[Records to process]
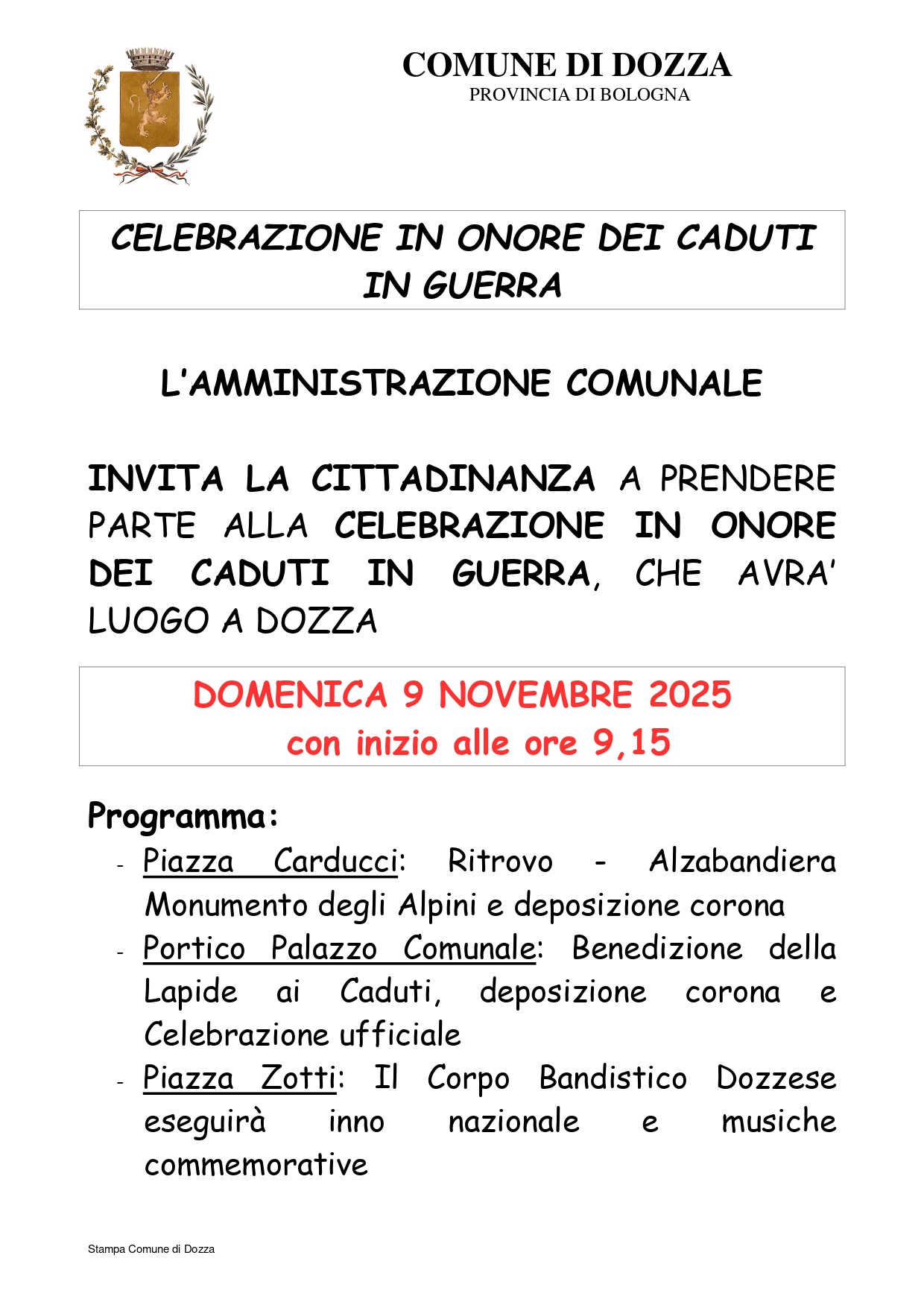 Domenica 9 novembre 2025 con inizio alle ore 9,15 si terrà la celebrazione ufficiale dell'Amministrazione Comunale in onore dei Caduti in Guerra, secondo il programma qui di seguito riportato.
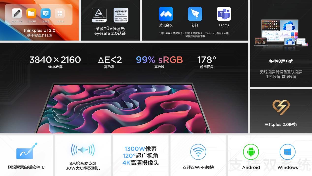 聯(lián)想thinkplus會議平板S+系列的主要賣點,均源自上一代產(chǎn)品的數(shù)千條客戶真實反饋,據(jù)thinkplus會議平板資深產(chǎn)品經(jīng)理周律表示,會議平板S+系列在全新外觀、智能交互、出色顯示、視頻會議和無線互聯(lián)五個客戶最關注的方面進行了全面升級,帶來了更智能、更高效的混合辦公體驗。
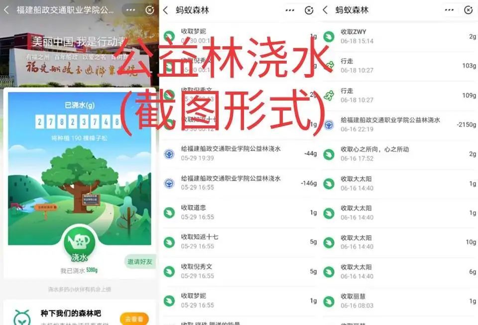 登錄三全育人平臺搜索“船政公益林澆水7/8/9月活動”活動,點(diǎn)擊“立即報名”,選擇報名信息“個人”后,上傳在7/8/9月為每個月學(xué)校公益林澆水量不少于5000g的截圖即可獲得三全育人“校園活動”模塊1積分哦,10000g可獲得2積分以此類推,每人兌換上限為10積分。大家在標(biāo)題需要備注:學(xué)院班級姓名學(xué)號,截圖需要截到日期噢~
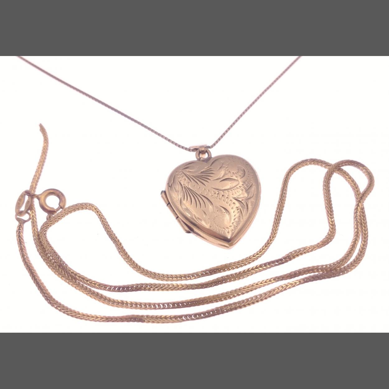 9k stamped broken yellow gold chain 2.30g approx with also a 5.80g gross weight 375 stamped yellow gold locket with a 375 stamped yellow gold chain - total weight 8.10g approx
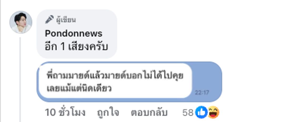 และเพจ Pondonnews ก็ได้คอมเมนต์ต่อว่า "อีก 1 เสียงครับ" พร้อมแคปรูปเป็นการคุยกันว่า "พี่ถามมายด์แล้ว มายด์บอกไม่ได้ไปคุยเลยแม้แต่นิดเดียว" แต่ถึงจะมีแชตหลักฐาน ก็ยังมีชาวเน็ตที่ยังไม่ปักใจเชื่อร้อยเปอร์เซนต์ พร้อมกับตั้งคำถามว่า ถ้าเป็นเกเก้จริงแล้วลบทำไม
[/Records to process]
Task statement:
What you return should match the material line for line, with the images removed.

Response to the task:
 Domenica 9 novembre 2025 con inizio alle ore 9,15 si terrà la celebrazione ufficiale dell'Amministrazione Comunale in onore dei Caduti in Guerra, secondo il programma qui di seguito riportato.
 聯(lián)想thinkplus會議平板S+系列的主要賣點,均源自上一代產(chǎn)品的數(shù)千條客戶真實反饋,據(jù)thinkplus會議平板資深產(chǎn)品經(jīng)理周律表示,會議平板S+系列在全新外觀、智能交互、出色顯示、視頻會議和無線互聯(lián)五個客戶最關注的方面進行了全面升級,帶來了更智能、更高效的混合辦公體驗。
 登錄三全育人平臺搜索“船政公益林澆水7/8/9月活動”活動,點(diǎn)擊“立即報名”,選擇報名信息“個人”后,上傳在7/8/9月為每個月學(xué)校公益林澆水量不少于5000g的截圖即可獲得三全育人“校園活動”模塊1積分哦,10000g可獲得2積分以此類推,每人兌換上限為10積分。大家在標(biāo)題需要備注:學(xué)院班級姓名學(xué)號,截圖需要截到日期噢~
 9k stamped broken yellow gold chain 2.30g approx with also a 5.80g gross weight 375 stamped yellow gold locket with a 375 stamped yellow gold chain - total weight 8.10g approx
 และเพจ Pondonnews ก็ได้คอมเมนต์ต่อว่า "อีก 1 เสียงครับ" พร้อมแคปรูปเป็นการคุยกันว่า "พี่ถามมายด์แล้ว มายด์บอกไม่ได้ไปคุยเลยแม้แต่นิดเดียว" แต่ถึงจะมีแชตหลักฐาน ก็ยังมีชาวเน็ตที่ยังไม่ปักใจเชื่อร้อยเปอร์เซนต์ พร้อมกับตั้งคำถามว่า ถ้าเป็นเกเก้จริงแล้วลบทำไม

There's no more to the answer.